Monday, June 24, 2013

AAPL Update and long equity position.

AAPL broke the $400 level as we were expecting, stops were hit and shorts entered as this chart makes clear.
The candle before $400 was broken had a low of $400.38, the candle with the white arrow and the swelling volume had a high of $464 and a low of $398.61, clearly $400 was broken on this bar, volume could have told you that without even checking prices. Think about that, how many people took some action, either sold or sold short, maybe even bought right at a psychological (whole) centennial number. This just goes to show how the human mind works and how Wall Street takes advantage of it.

From a single trader's perspective, they're looking at the chart and saying, "If $400 is broke, I'l...", then you add hundreds of thousands of these individual traders all thinking the same, that's what you get.

Note the 1 min AAPL chart went negative at the EOD Friday, gapped down today, stayed almost perfectly in line until $400 was hit and then started to go positive.

The 2 min chart

3 min chart

And 10 min chart, volume is very important in this process for institutional money, it's the deciding factor of whether they can squeeze their big but in the door or not, is the door wide enough? Is there enough volume? Today's move was one of the lager volume moves in a strong of triangle set ups.

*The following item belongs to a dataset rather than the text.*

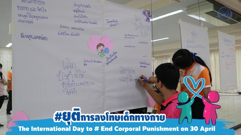 มีภาคีเครือข่ายผู้บริหารและครูโรงเรียนคุ้มครองเด็ก 4 ภาค ร่วมรณรงค์เปลี่ยนรูปโปรไฟล์ ใส่กรอบรูปยุติการลงโทษเด็กทางกาย ถ่ายรูปกับป้ายคำรณรงค์ และโพสต์ลงสื่อโซเชียล เพื่อแสดงพลัง และมีเสียงของเด็กจากแกนนำเด็กเยาวชน ตำบลท่าลาน อำเภอบ้านครัว จังหวัดสระบุรี ด้วยการส่งเสียงถึงผู้ใหญ่เป็นข้อความ บอกให้ผู้ใหญ่รับรู้ว่าพวกเขารู้สึกอย่างไร กับการลงโทษทางกายและความรุนแรงทุกรูปแบบ
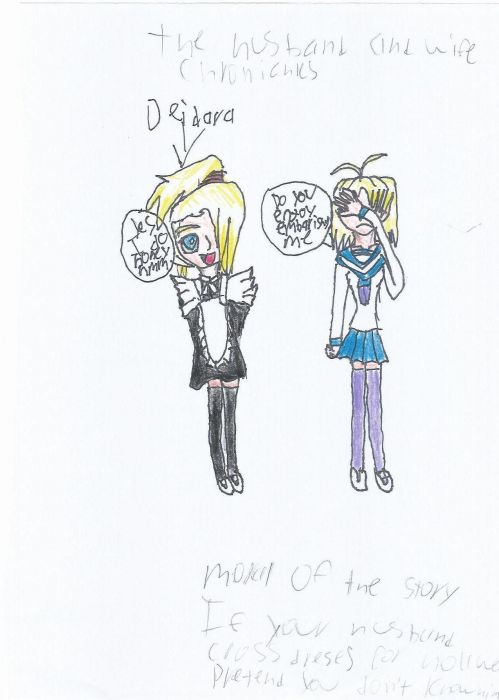deidara as a maid cafe style maid. xd. with my oc Mutsumi in a school uniform. all embarssed by her husband(yes husband) strange cross dressing behavior in this pic. so enjoy xd

I'd consider AAPL a tradable long position here, but a trade only. AAPL probably has a little sideways action to put in, but I'm fine with an equity long here. The risk at this level is pretty reasonable vs the reward. I'm thinking about 50% a normal equity position for now, I may go to 2/3rd, but that will depend entirely on whether there's what I'd consider to be a sharper edge/better opportunity.